Re: DegradedArray event

« Reply #2 on: December 23, 2011, 03:08:57 PM »

Thanks for the info.
To update you and anyone who is having the same problems.

I was WRONG on the rebuild command I listed above. I read it in a post not the wiki, and I'm not sure what it does. However the proper command for rebuilding your array is ;
mdadm --add /dev/md2 /dev/hdb2
(of course put in the right hdb2 and md2 designators for your drive/partition and multidevice#)
Then I ran ;
watch -n .1 cat /proc/mdstat
And merrily watched my raid rebuild.
And again thanks to cactus on the advice not to remove. When I run the command ;
mdadm --query --detail /dev/md2
Clearly at the bottom of the Output I see the line that says "removed"
If it says this then duhh It's removed and you dont need to remove it.
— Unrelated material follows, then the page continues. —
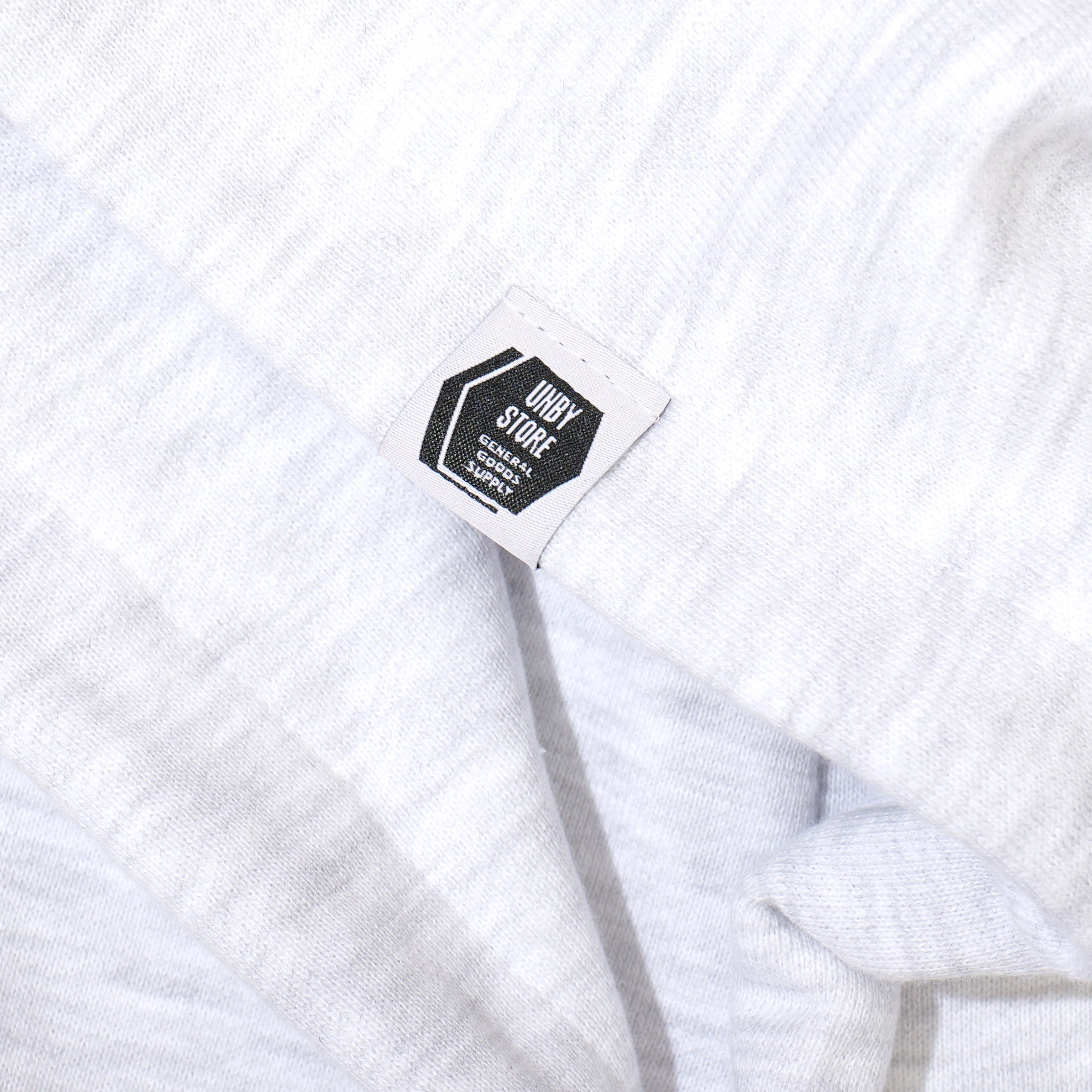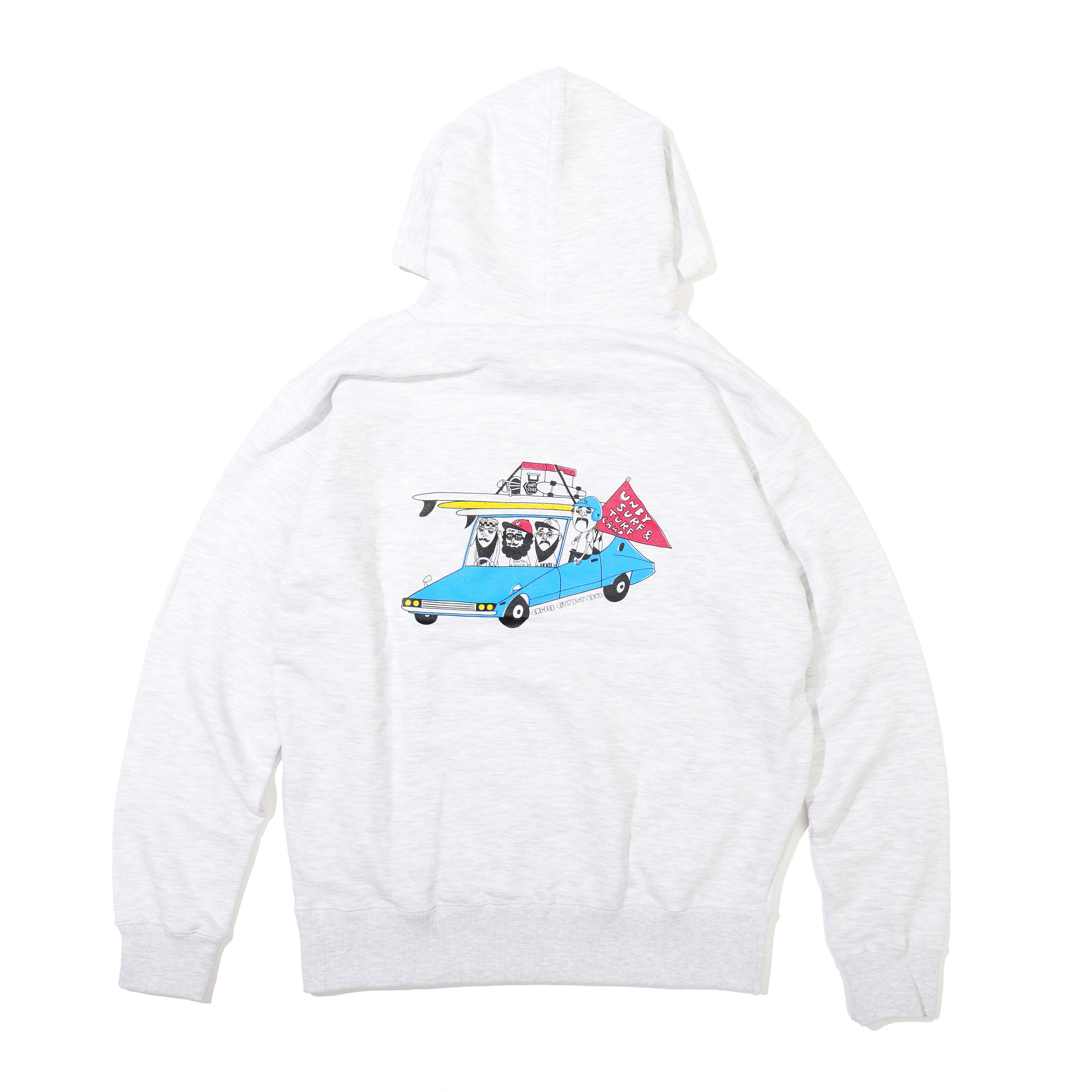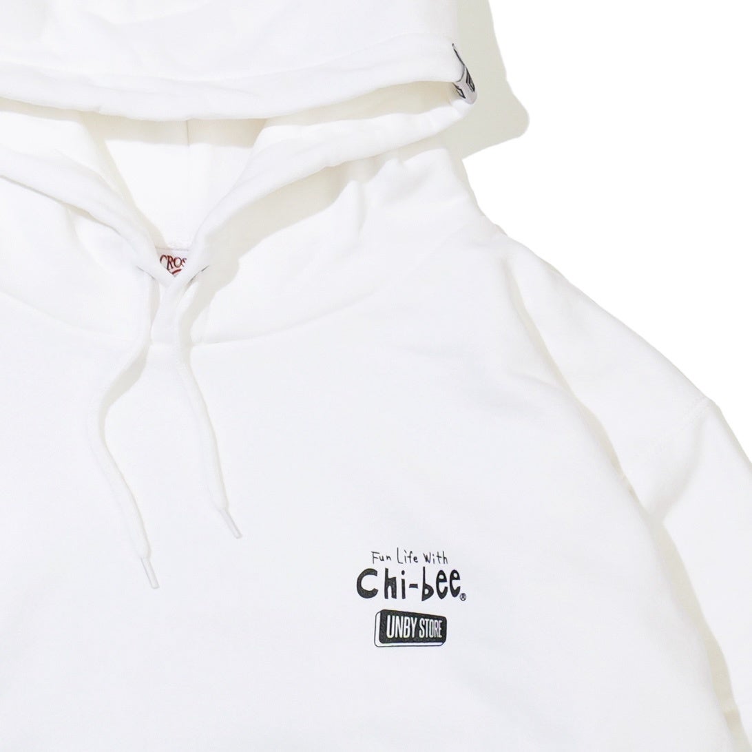 ボディには10ozの裏パイル生地を採用し、比較的着用シーズンが長く、様々なシーンで活躍します。胸元にはchi-beeとUNBYのオフィシャルロゴを並べて配置。フード部分にはUNBYオリジナルのピスネームをあしらい、さりげないアクセントを加えています。
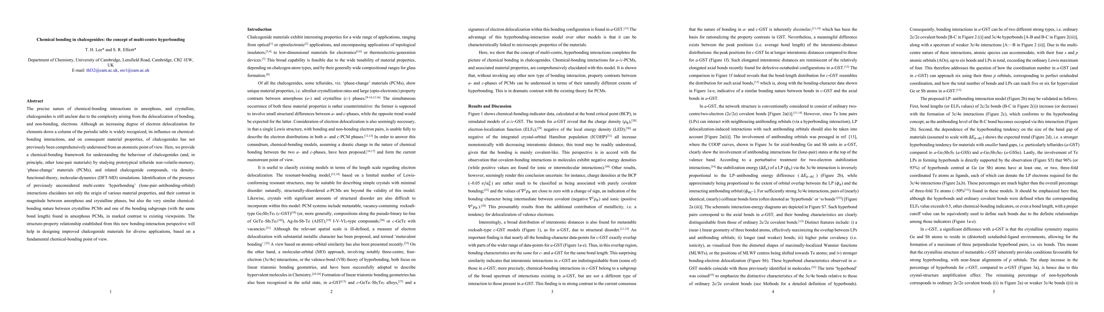 This research utilizes DFT-MD simulations to reveal 'multi-centre hyperbonding' in chalcogenides, explaining their material properties and bridging amorphous/crystalline phase contrasts. This bonding framework aids in designing enhanced chalcogenide materials for varied applications.

Number Major Minor RaidDevice State
0 3 2 0 active sync /dev/hda2
1 0 0 - removed <---------- NOTE THIS

The system has rebuild and seems to be holding. Next I will be changing the drive I think, as failures are often signs of drives going. I will most likely get back to the group on how to do this. But for now. Its the holidays.
thanks.

« Last Edit: December 23, 2011, 03:10:53 PM by steve288 »

Logged